Por: Andrea Alexandra Ramirez Ataucuri.
Los
constantes dolores de cabeza fueron avisos de la enfermedad. Ha pasado un mes desde que mi papá sufrió un accidente
cerebro vascular (ACV) o también conocido
como infarto cerebral. Una enfermedad que se produce por un coágulo sanguíneo que obstruye la circulación de
sangre y oxígeno al cerebro. En cuestión de minutos las células del cerebro comienzan a morir.
Mi papá se
llama Manuel. Él ha sido docente de matemáticas toda su vida. Él trabajaba y vivía en Mollendo. Estuvo solo
el día del accidente. Lo colocaron en observación
un tiempo, le hicieron una prueba de descarte de COVID19 y le dieron pastillas básicas. El procedimiento médico
no fue el correcto hacía mi papá, lo mandaron a casa con pastillas para la presión y el colesterol elevado. Ni internaron a mi papá, ni solicitaron tomografías y tampoco lo llevaron a
otro centro de salud por ambulancia. Tiempo después, me enteré que debieron haberlo
trasladado e hospitalizado inmediatamente.
Mi familia
siempre ha sido unida, sin embargo, debo admitir que vivir una situación como ésta nos conectó más. Mis tíos
dejaron de lado sus diferencias y empezaron a
trabajar en equipo. Mi tía Zaida estuvo a mi lado siempre. Todos mis
familiares se juntaron para comprar
una silla de ruedas a mi papá. Nos unimos.
En Mollendo
no hay cardiólogos y neurólogos especializados. El centro de salud es ineficiente y descortés. El personal de
salud fue insensible e indiferente con mi familia.
Recuerdo ver a mi hermana y abuela llorar por una copia de la orden de análisis
para mi papá (él había perdido todos sus papeles).
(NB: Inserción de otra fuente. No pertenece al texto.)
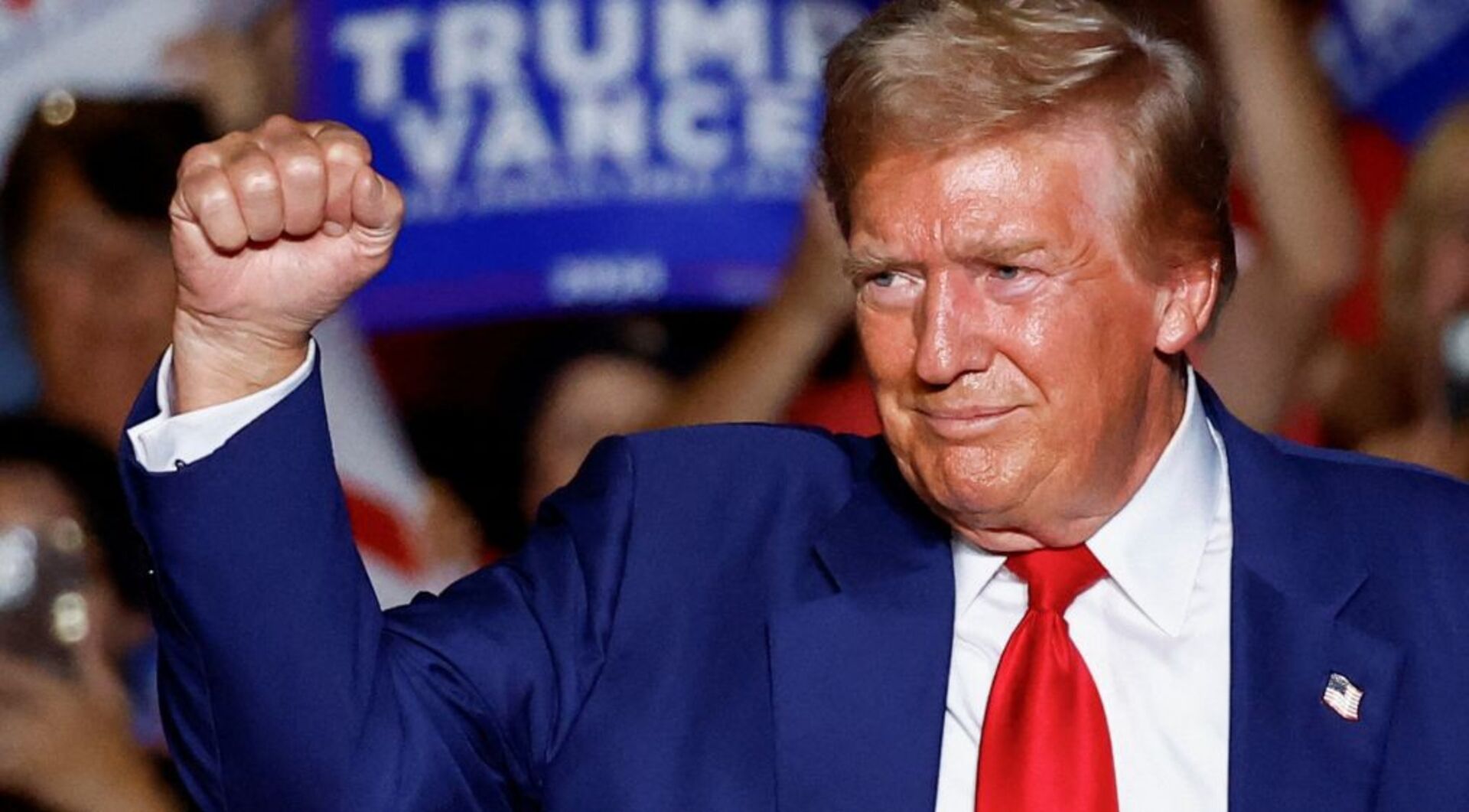 - Gunshots rang out as he spoke on the stage. A bullet grazed his ear. Trump took cover, with Secret Service agents diving on top of him. He then stood up, bearing a bloody ear and pumping his fist. “Fight, fight, fight,” he said.
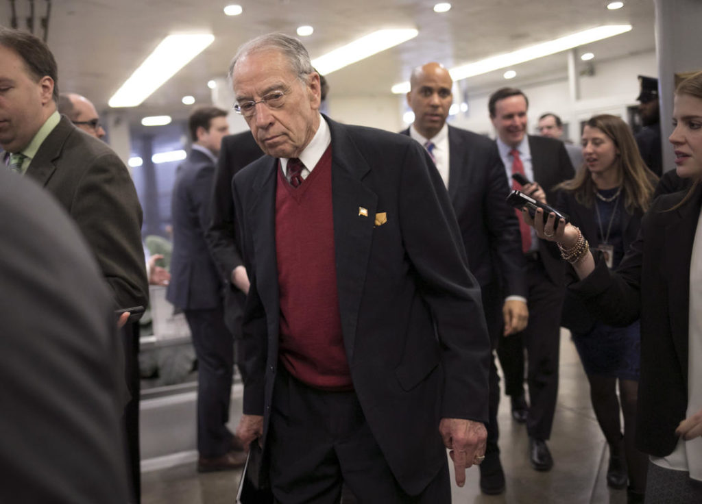 The Senate Judiciary Committee is finishing its investigation into a June 2016 meeting between Russians and President Donald Trump’s campaign, and the Republican chairman of that panel says he wants to release transcripts from closed-door interviews with Trump’s son and others.

Fueron días complicados. El infarto cerebral
dejó a mi papá con una hemiplejia izquierda, disartria
leve y con una leve desconcentración.
Pasó bastante
tiempo para que el hospital nos diera el traslado a Arequipa. Fueron inmensas
las reuniones con neurólogos. La doctora Medalith
fue la primera neuróloga en
revisar a mi papá. Ella me comentó que el tiempo fue fundamental. Soltó entonces unas palabras que retumbaron en mi cabeza “Posiblemente
no pueda volver a mover su brazo” “¿Por qué no lo trajiste
antes?” palabras que mencionó mirándome a los ojos. Entonces, la posible culpa
no me dejaba dormir.
Debo admitir
que empecé a culparme por lo que había sucedido, hasta el día de hoy mi mente no está tranquila. Dentro de mí creció una desconfianza por todo profesional médico y una inseguridad
atroz. Empecé a dudar de todo los doctores que
revisaban a mi papá. Dude de las pastillas, los exámenes e incluso de los resultados.
El Doctor Enrique Salcedo
Calderón me comentó
que mi papá había sufrido
negligencia médica en Mollendo. “Inmediatamente debieron traerlo por
ambulancia” “No le dieron ni
anticoagulantes, alteplasa, nada”, “Debieron exigir una movilidad especial”
fueron las palabras del
doctor.
La mayoría de
doctores que se reunieron conmigo concluyeron en lo mismo: “El tiempo fue clave, no va a volver a mover
el brazo”. Más adelante, mi papá se enteró de
todo, incluso la neuróloga Diana Pampa le aconsejó jubilarse. Palabras
directas, sin tapujos, sin empatía.
Palabras que chocaron en él, ya que, al día siguiente no quiso continuar con su terapia física.
Durante
muchos días mi papá empezó a decir: “Por las puras gastas, no me voy a recuperar” o “¿No dicen que debo
jubilarme?”. Poco a poco le quitaron su fe y
voluntad. ¿No es acaso un doctor el responsable de salvar una vida? ¿No
deberían motivarnos a salir
adelante?. Realmente, ¿Existen buenos doctores? Supongo que sí, pero mi papá no tuvo suerte.